Andrea Mardegan·22 de septiembre de 2021·Tiempo de lectura: 2 minutos

En los últimos acontecimientos, los discípulos pensaban haber dejado una mala impresión en Jesús. Para recuperar el valor a sus ojos, Juan cuenta que impidieron a un hombre que echara demonios en el nombre de Jesús, “porque no viene con nosotros”. No habían podido expulsar al diablo que atormentaba a aquel niño a los pies del monte. Un extraño, en cambio, lo lograba. La envidia y la exclusión se desatan, ocultas por la aparente buena razón de la pertenencia. Juan espera una alabanza del Señor, que no llega: “No se lo prohibáis… El que no está contra nosotros, con nosotros está”. Cualquiera puede obrar milagros en el nombre de Jesús, incluso si no es de los que le siguen. La tentación del orgullo colectivo, de un “nosotros” que se contrapone, de la envidia del bien hecho por otros que no son del propio grupo, está siempre al acecho en la sociedad civil y en la Iglesia. Es fácil caer en ella, hay que vigilar.
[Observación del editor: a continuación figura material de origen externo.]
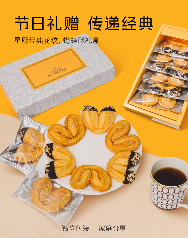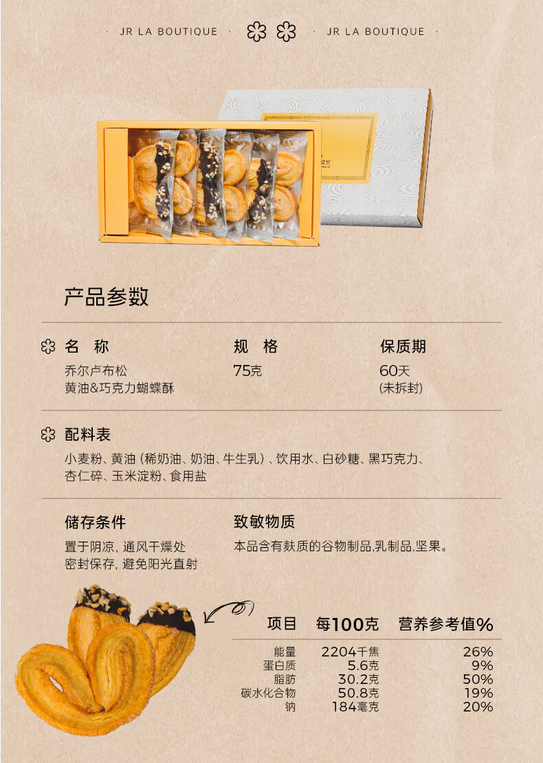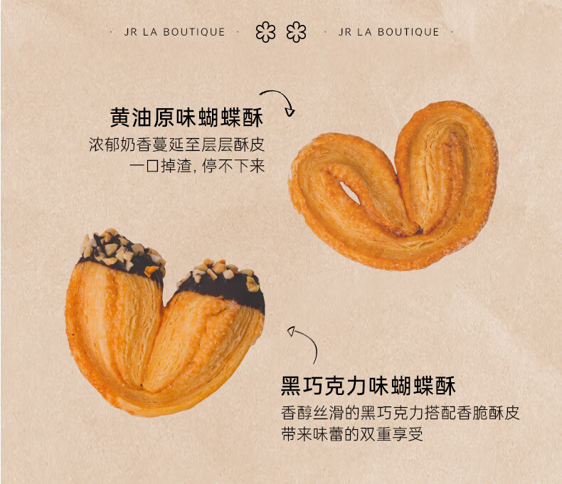 乔尔卢布松美食坊JR乔尔卢布松蝴蝶酥上海外滩18号米其林糕点黄油巧克力千层酥礼盒 黄油巧克力蝴蝶酥【75g*2盒】

Jesús les ofrece antídotos contra ese orgullo colectivo, alimentado por saberse discípulos de Jesús y participar de cerca en sus milagros: Juan vio a la hija de Jairo volver a la vida y a Jesús transfigurado en el monte. Afirma que cualquiera, de cualquier pueblo, fe, cultura, si hace algo pequeño, como dar de beber un vaso de agua a los discípulos porque son de Cristo, tendrá su recompensa. En cambio, los discípulos deben estar atentos porque pueden escandalizar a los pequeños, que son los que tienen una fe débil, quizás inducirlos a abandonar el seguimiento de Cristo y de la Iglesia, por ejemplo con la actitud de exclusión que acaban de mostrar.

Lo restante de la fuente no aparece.